—Dios sabe si quisiera llevarle, replicó Sancho, ó por lo menos trocalle con este mío, que no me parece tan bueno. Verdaderamente que son estrechas las leyes de caballería, pues no se extienden á dejar trocar un asno por otro; y querría saber si podría trocar los aparejos siquiera.

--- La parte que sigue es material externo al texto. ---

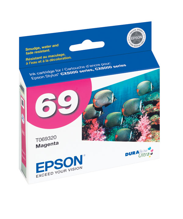 Epson Stylus(R) C120/CX5000/CX6000/CX7000F/CX7400/CX7450/CX8400/CX9400Fax/CX9475Fax/NX100/NX105/NX110/NX115/NX200/NX215/NX300/NX305/NX400/NX410/Nx415/NX510/NX515WorkForce(TM) 30/40/310/315/500/600/610/615/1100 DURABrite Ultra Magenta Ink Cartridge (Smudge Fade & Water Resistant) OEM

—En eso no estoy muy cierto, respondió don Quijote; y en caso de duda, hasta estar mejor informado, digo que los trueques, si es que tienes dellos necesidad extrema.
—Tan extrema es, respondió Sancho, que si fueran para mi mesma persona, no los hubiera menester más.
Y luego, habilitado con aquella licencia, hizo mutatio capparum, y puso su jumento á las mil lindezas, dejándole mejorado en tercio y quinto.
Hecho esto, almorzaron de las sobras del real que del acémila despojaron, y bebieron del agua del arroyo de los batanes, sin volver la cara á mirallos: tal era el aborrecimiento que les tenía, por el miedo en que los habían puesto. Cortada, pues, la cólera y aun la melancolía, subieron á caballo, y sin tomar determinado camino (por ser muy de caballeros andantes el no tomar ninguno cierto), se pusieron á caminar por donde la voluntad de Rocinante quiso, que se llevaba tras sí la de su amo, y aun la del asno, que siempre le seguía, por donde quiera que guiaba, en buen amor y compañía; con todo esto, volvieron al camino real, y siguieron por él á la ventura sin otro designio alguno.
Yendo, pues, así caminando, dijo Sancho á su amo:
—Señor, ¿quiere vuestra merced darme licencia que departa un poco con él? que después que me puso aquel áspero mandamiento del silencio, se me han podrido más de cuatro cosas en el estómago, y una sola, que ahora tengo en el pico de la lengua, no querría que se malograse.
—Dila, dijo don Quijote, y sé breve en tus razonamientos; que ninguno hay gustoso si es largo.